Persons of interest and what we will not say
Any unsolved Victorian homicide of this profile will, over time, generate persons of interest. Some may have been examined by police. Some may have been linked in mainstream coverage. None has been convicted of Mark Adrian Perry’s murder.
For that reason — and it is the same reason we apply across our cold-case coverage — our newsroom does not name persons of interest in unsolved Victorian homicides where there has been no conviction. The presumption of innocence is not negotiable. The fact that a name has appeared elsewhere does not, on its own, make it appropriate for us to print it again.
What we can do, and what we have done here, is report the public position. The reward is one million dollars. The investigation is open. Information is sought.
How information is assessed
Information given to Crime Stoppers in matters of this kind goes through an established process. It is logged. It is graded. It is referred to the relevant investigative unit — for an open homicide, that is the Homicide Squad, with cold-case matters routed through the Cold Case Unit. Detectives assess the information against what is already on the file. Where the information takes the case forward, it is acted on.
The protections that apply to Crime Stoppers reporting apply to historic matters as much as to contemporary ones. Information can be given anonymously. A reporter does not need to provide a name, an address, or a contact number.
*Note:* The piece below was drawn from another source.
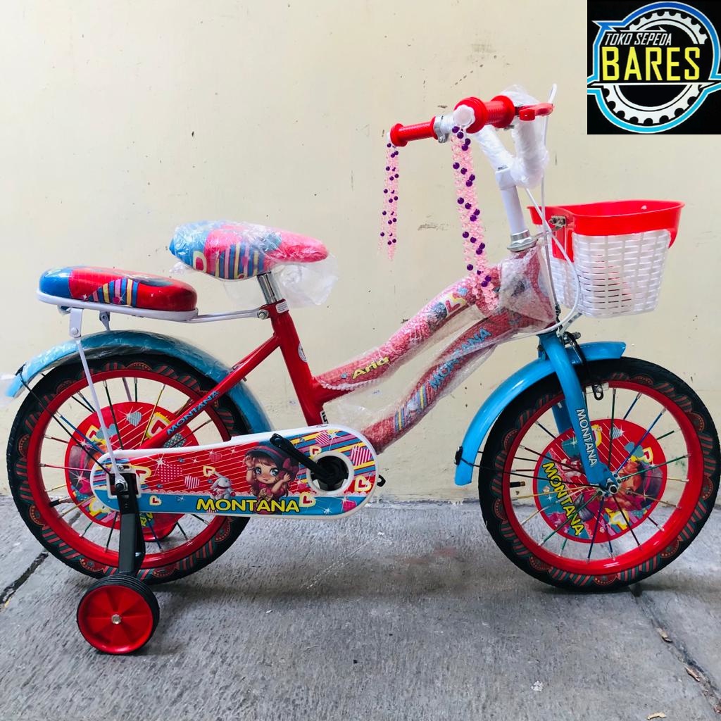Sepeda Mini Anak 12 / 16 / 18 Montana Aria - Merk: Montana - Model: Aria - Frame: Besi - Fork: Besi - Keranjang - Penutup rantai - Ada boncengan - Rem Depan: U-brake - Rem Belakang: Tromol - Hub: 20H - Ruji: 12G - Ban: 1.75
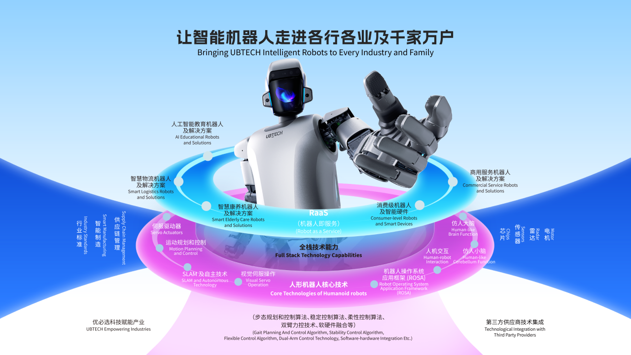 此次入選的案例以優必選科技(UBTECH)為研究對象,該企業是人形機器人和智能服務機器人領域的領航企業。秉承著“讓智能機器人走進千家萬戶,讓人類的生活方式變得更加便捷化、智能化、人性化”的使命,優必選布局了人形機器人全棧式技術,并在此基礎上開展智能服務機器人解決方案的研發、設計、智能生產和商業化應用,涵蓋了多個行業的企業級和消費級應用場景。2023年12月29日,優必選(股票代碼:9880.HK)于香港交易所主板掛牌上市。

The reward, where it applies, is paid out on terms that have been refined over many years to balance public interest in convictions with appropriate confidentiality for those who come forward.
What the public can do
The most useful thing any member of the public can do in a long-running homicide investigation is to share what they know, even if they consider it small. Detectives investigating long-term files consistently say in public statements that small details — a vehicle, a movement, a remark, a pattern of association observed at the time — are exactly the things that produce charges in matters that have been dormant for years.
If you have information about the killing of Mark Adrian Perry in 2007, you can contact Crime Stoppers Victoria on 1800 333 000 or at crimestoppersvic.com.au. Reports can be made anonymously. The matter sits with the Homicide Squad. The reward — one million dollars for information leading to the conviction of the person or persons responsible — is current.
Why the standing-reward program matters
Victoria’s standing-reward program is not a press-release exercise. It is a working tool of cold-case investigation. Standing rewards have produced charges and convictions in Victorian matters across decades. They work because, for some people, the reward is not the point — but the public visibility of the reward is the thing that finally prompts a conversation, with family, with a partner, with police.
Our team will continue to track the public reward register and any developments in the Perry matter and the broader cohort of high-end Victorian listings. If you have been affected by the loss of a loved one to homicide, the Victims of Crime Helpline is on 1800 819 817, Lifeline on 13 11 14, and Beyond Blue on 1300 22 4636. For many families of Victorians killed in unsolved matters, the years are not silent — they are noisy with what is not yet resolved. The reward is one of the things that says: it can still be.